BRIEF DESCRIPTION OF THE DRAWINGS
[0018] In order to more clearly illustrate technical solutions in
embodiments of the present disclosure or in the conventional
technology, the drawings to be used in the description of the
embodiments or the conventional technology are briefly described
hereinafter. Apparently, the drawings in the following description
show only some embodiments of the present disclosure, and other
drawings may be obtained by those skilled in the art from the
drawings without any creative work.
[0019] FIG. 1 is a schematic structural diagram of a solar cell
unit according to an embodiment of the present disclosure;
[0020] FIG. 2 is a schematic diagram showing connection between two
adjacent solar cells according to an embodiment of the present
disclosure;
[0021] FIGS. 3 and 4 are schematic structural diagrams of solar
cells according to embodiments of the present disclosure;
[0022] FIG. 5 is a plan view of a solar cell unit according to an
embodiment of the present disclosure;
[0023] FIG. 6 is a schematic structural diagram of a
series-connected solar cell module according to an embodiment of
the present disclosure;
[0024] FIG. 7 is a schematic structural diagram of a
series-connected solar cell module according to another embodiment
of the present disclosure; and
[0025] FIG. 8 is a schematic structural diagram of a
series-connected solar cell module according to another embodiment
of the present disclosure.
[0026] In the drawings, 100 denotes a solar cell unit, 101 denotes
a solar cell, 102 denotes a conductive material, 103 denotes a
first insulating layer, and 104 denotes a second insulating
layer.
DETAILED DESCRIPTION OF THE EMBODIMENTS
[0027] The present disclosure aims to provide a series-connected
solar cell module with an increased effective area.
[0028] Hereinafter, embodiments are illustrated with reference to
the drawings. Embodiments described hereinafter do not limit the
invention presented in the claims.

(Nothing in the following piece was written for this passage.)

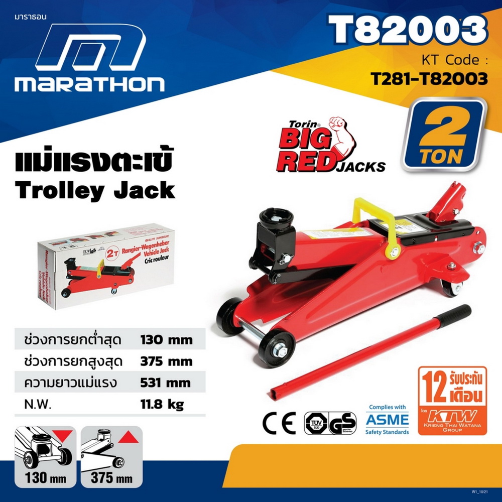 • แม่แรงตะเข้ MARATHON รุ่น T82003 ขนาด 2 ตัน

Furthermore, all of those
described in the embodiments are not always essential to technical
solutions of the present disclosure presented in the claims.
[0029] Reference is made to FIGS. 1 to 5. According to an
embodiment of the present disclosure, the series-connected solar
cell module includes multiple solar cell units, and each of the
multiple solar cell units includes multiple solar cells 101. In
each of the multiple solar cell units, a back surface of one of two
adjacent solar cells 101 is electrically connected to a front
surface of the other of the two adjacent solar cells through a
conductive material 102. A first insulating layer 103 and a second
insulating layer 104 are provided at positions where the conductive
material 102 is in close contact with the two adjacent solar cells
101.
[0030] According to the embodiment of the present disclosure, since
the first insulating layer 103 and the second insulating layer 104
are provided at positions where the conductive material 102 is in
close contact with the two solar cells 101, the two adjacent solar
cells 101 can be arranged in close contact with each other, such
that a seamless contact is achieved, thereby increasing the
effective area of the series-connected solar cell module.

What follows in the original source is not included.